Mas já há ambiente para criar emprego?
Ometto - Se o País voltar a crescer, claro que há. Arriscaria dizer que, se Temer não conseguir fazer as reformas, não vai mais ter reforma. Ele é do ninho político. Ele tem condição de convencer (os políticos) e entender as demandas. Até agora está (convencendo). Temos de apoiá-lo porque é fundamental para o País. E, se não for aprovado, estamos entre o céu e inferno.
Quais são as prioritárias?
Ometto - Todas. O Brasil precisa se modernizar. Por que existe a corrupção? Porque você tem um Estado fortemente empresário. Se você tira o governo da posição de empresário, não tem corrupção. Se tem corrupção na minha empresa, eu combato. Se é uma empresa do governo, não tem ninguém olhando isso com interesse macro. Se tirar o governo como empresário, a corrupção diminui.
Havia no governo anterior uma relação promíscua entre o setor privado e público?
Ometto - No governo petista piorou muito. Mas em qualquer governo que tenha o Estado (atuando) como empresário, o convite à corrupção é muito grande.
Como combater isso?
Ometto - Sistema de gestão com meritocracia. Qual o estímulo que tem uma pessoa que é funcionária pública e não pode ser mandada embora?
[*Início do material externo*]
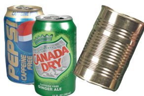
Aluminum & metal cans Latas de aluminio y metales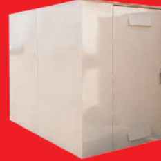
Outdoor Storage Box 60"W x 73.5"H x 96"D Product ID: 1002150100 $2,375.00 / each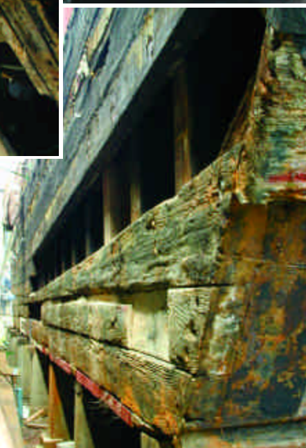
Worms, time and saltwater took a toll on the 87 year old barge. With restoration nearly complete, it has found new life as a waterfront museum, classroom, art exhibition center and reception hall.

T his is a story of grand old wooden boats and the worms that eat them.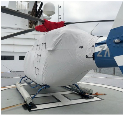
Bell 429 Main Body Cover, Rotor Hub & Tail Rotor Covers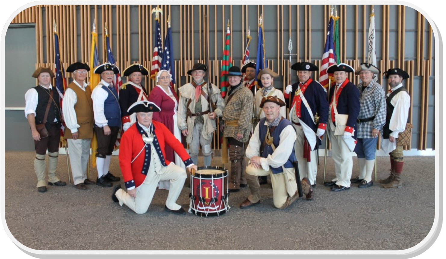
Compatriots from the following chapters took part in the opening and closing ceremonies: Lafayette, Louisville Thruston, Simon Kenton and Gov. Isaac Shelby.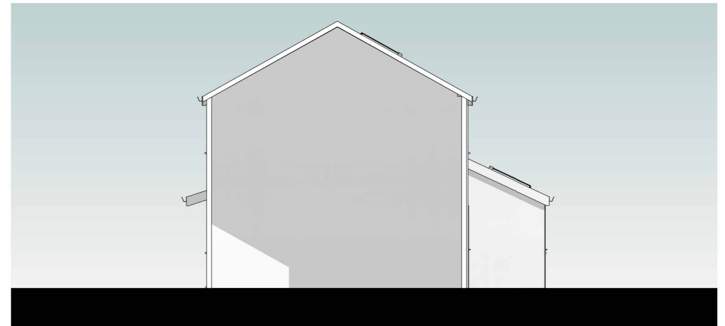
4 Proposed Side Elevation 2 1 : 100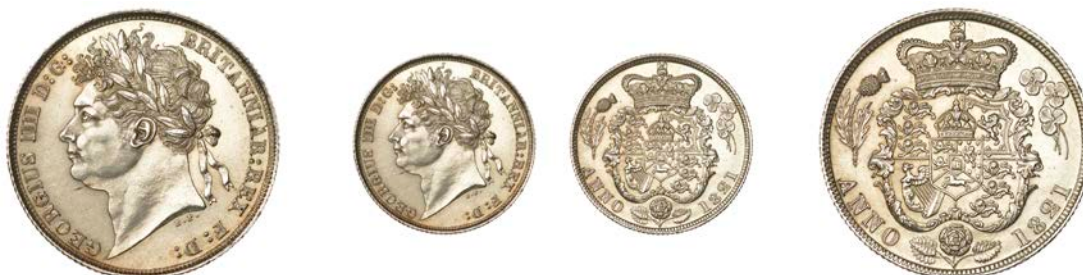
91 Shilling, 1821 (ESC 2396 [1247]; S 3810). Extremely fine or better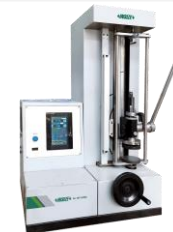
Manual Spring Testing Machines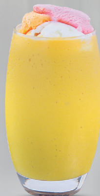
Aboodh | AED 18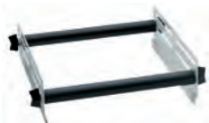
B Tension roller attachment Attachment with 2 tension rollers P/N 549-81000-00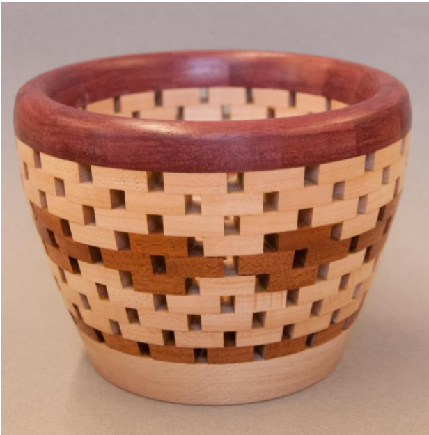
Norm Stelter's Segmented Bowl

If I have forgotten anyone's pictures I apologize. Typing with 7 fingers has been a challenge. See you next month. Jim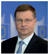
Vice-President, European Commission @VDombrovskis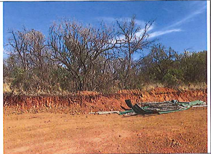
Looking north west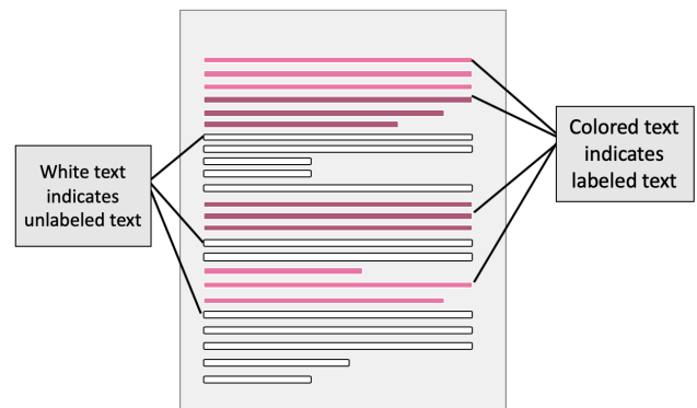
Figure 1. Architects can skim processed documents to verify classified requirements (colored text) and find “white space” to manually classify (design mockup to maintain confidentiality).

After extraction, the extracted and classified content must be verified – this is a two-step process that involves assessing both the precision and recall of the system’s NLP. One part of this verification process involves inspecting the documents using an HTML viewer, skimming for “white space” (text that was not classified) and manually labelling such content as appropriate. A design mockup of the HTML viewer can be seen in Fig. 1 .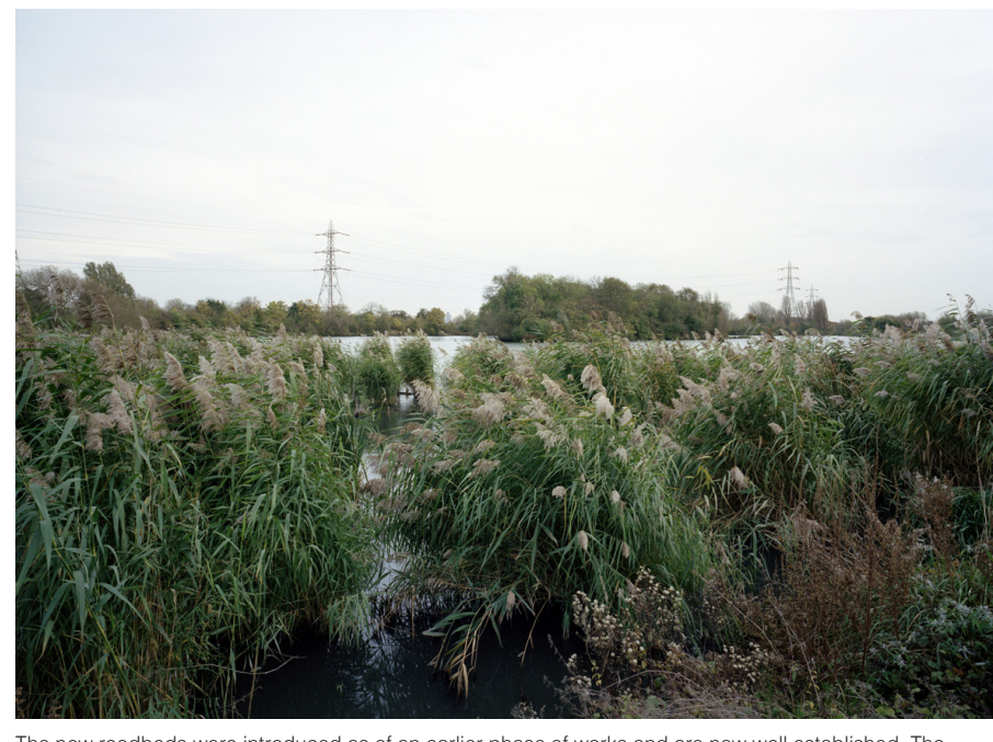
The new reedbeds were introduced as of an earlier phase of works and are now well established. The reedbeds were part of a wider ecological vision for the site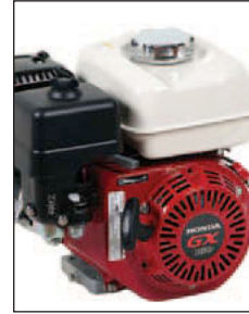
Your choice of engine: Honda or Robin

Se não tem dono, não tem gente em cima preocupada em fazer uma gestão saudável e dar o máximo do rendimento.
O prefeito Doria ganhou a eleição com esse discurso. O senhor acha que falta um pouco de gestor no governo federal?
Ometto - Acho. O Doria é um caso específico. Tem de fazer com que isso seja generalizado. Surgirão outros expoentes como ele.
Há resistência dos servidores à reforma da Previdência. O governo tem de endurecer?
Ometto - Tem que ser duro o suficiente até conseguir aprovar. O ótimo é o inimigo do bom.
O que compete ao governo exatamente?
Ometto - O setor público tem de se concentrar em saúde, educação e defesa. Não deve se meter na parte econômica, fazendo intervenção com política artificial de preços. Não se controla a inflação intervindo na economia. Já se tem as agências reguladoras. Vamos muito a Brasília pedir autorização. Isso leva você a supervalorizar o funcionário público.
Como o senhor vê o cenário econômico e político para 2018? Novas lideranças vão aparecer?
Ometto - Novas lideranças sempre aparecem.
O senhor tem ambição política?
Ometto - Não. Nem para cargos.
A imagem do empresariado ficou arranhada com a Lava Jato?
Ometto - O empresário é sempre visto como bandido. É injusto. Única novela que eu vi que o empresário era bom foi em Pecado Capital (de Janete Clair), com o personagem de Lima Duarte (Salviano Lisboa).
Os futuros investimentos da Cosan estão ligados ao cenário político e econômico?
Ometto - Se as reformas não forem aprovadas, eu não tenho interesse nenhum em fazer investimentos no Brasil.